What you will do:
Using the data below, return word for word every line from the one holding "9. Указатель температуры" down to the one holding "삼남석유 주식회사(회장 장규방)는". Leave pictures out.

● ● ● ● ●

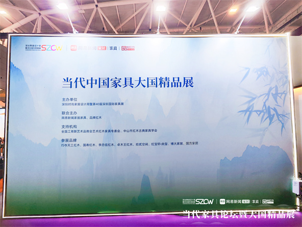 當(dāng)代中國(guó)家具大國(guó)精品展由深圳時(shí)尚家居設(shè)計(jì)周暨第40屆深圳國(guó)際家具展主辦,網(wǎng)易新聞家居家具、品牌紅木聯(lián)合主辦,全國(guó)工商聯(lián)藝術(shù)品商會(huì)藝術(shù)紅木家具專(zhuān)委會(huì)、中山市紅木古典家具學(xué)會(huì)特別支持。該展區(qū)不僅展示了中國(guó)家具行業(yè)的最新成果,更通過(guò)一系列精品紅木家具,向世界展示了中國(guó)傳統(tǒng)家具文化的深厚底蘊(yùn)和獨(dú)特魅力。
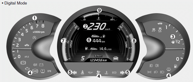 9. Указатель температуры охлаждающей жидкости двигателя.
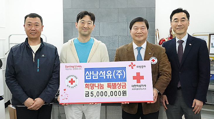 삼남석유 주식회사(회장 장규방)는 17일 삼남석유 회장실에서 대한적십자사제주특별자치도지사(회장 정태근)에 희망나눔 특별성금 500만원을 기탁했다. 이번 성금은 지역사회에서 소외된 이웃들을 돕고자 마련됐다.
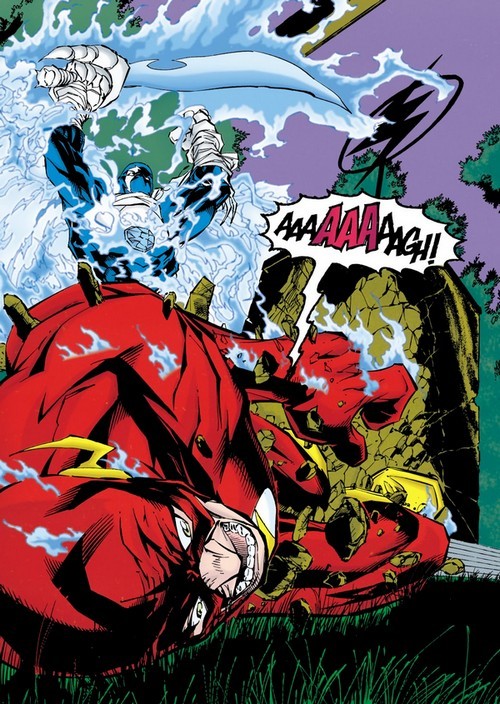 Ух что будет…и будет это в комиксе The Flash #148 за май 1999 года. Напряжение не спадает, Профессор Зум и Уолли Уэст бегут наперегонки к кристаллу Кобальта Синего. Нельзя дать Эобарду завладеть кристаллом, ведь если ненависть Обратного Флэша сольётся с яростью синего пламени, Кобальт станет непобедим! Тут уж не до мягкого подхода – Уолли ускоряется и своей вибрацией уничтожает амулет, после чего вырубает Обратного Флэша и возвращает его в 25 век, в тюрячку. А в настоящем времени Малкольм Тоун валяется без сознания – мёртвый, но живой. Пошарудив hукой в его голове, Джей Гаррик привёл мозг Малкольма в полную непригодность, устроив ему аневризму. Мамкины каратели сказали бы, что Джей молодец, но по факту Джей совершил преступление, и полиция собирается его арестовать.
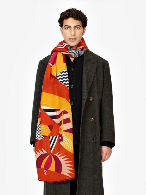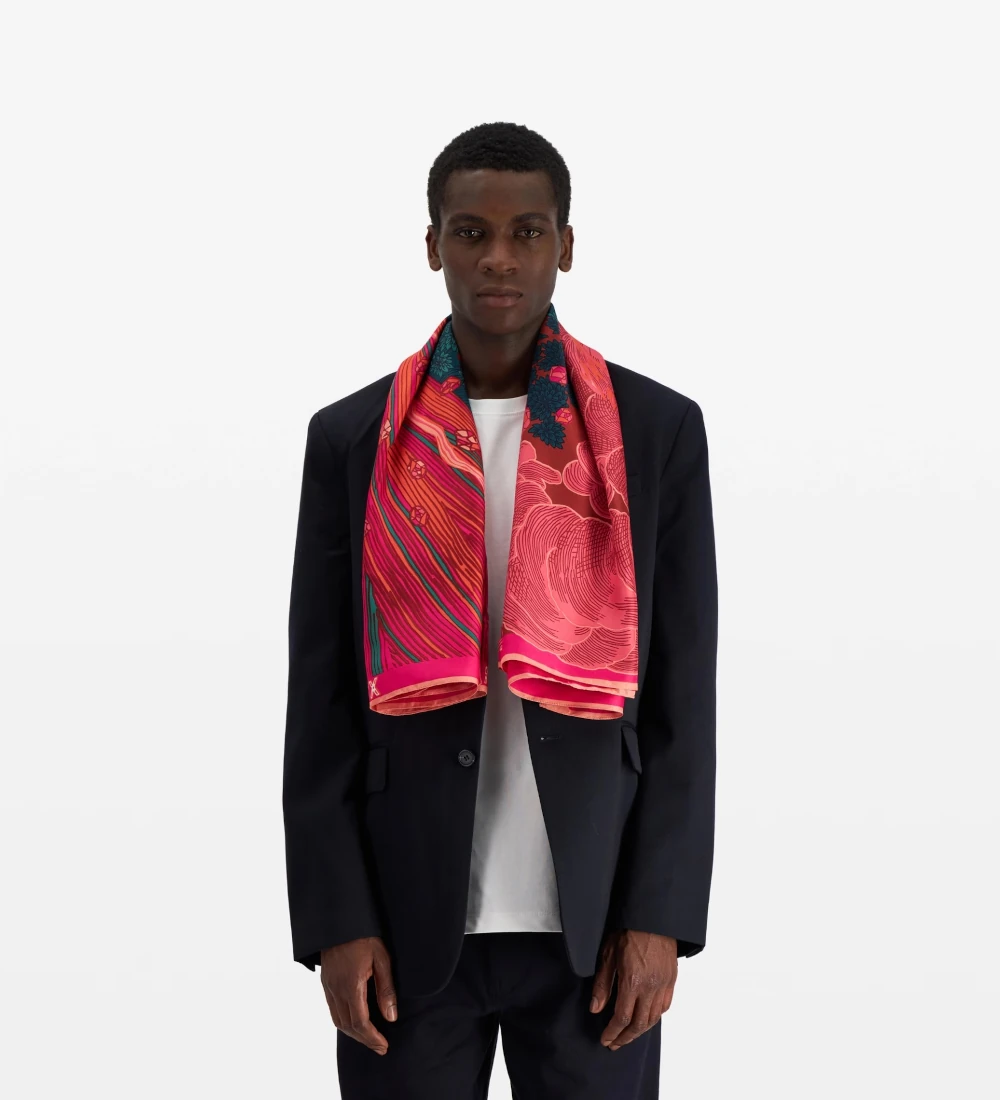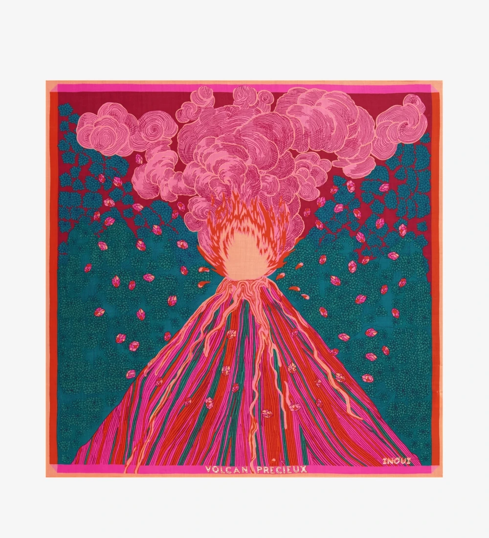 Nubes ardientes, corazones de fuego y corrientes de lava en contraste están enmarcados por fértiles montañas sobre un exquisito lienzo de 100% cashmere.

● ● ● ● ●

Final answer:
 9. Указатель температуры охлаждающей жидкости двигателя.
 삼남석유 주식회사(회장 장규방)는 17일 삼남석유 회장실에서 대한적십자사제주특별자치도지사(회장 정태근)에 희망나눔 특별성금 500만원을 기탁했다. 이번 성금은 지역사회에서 소외된 이웃들을 돕고자 마련됐다.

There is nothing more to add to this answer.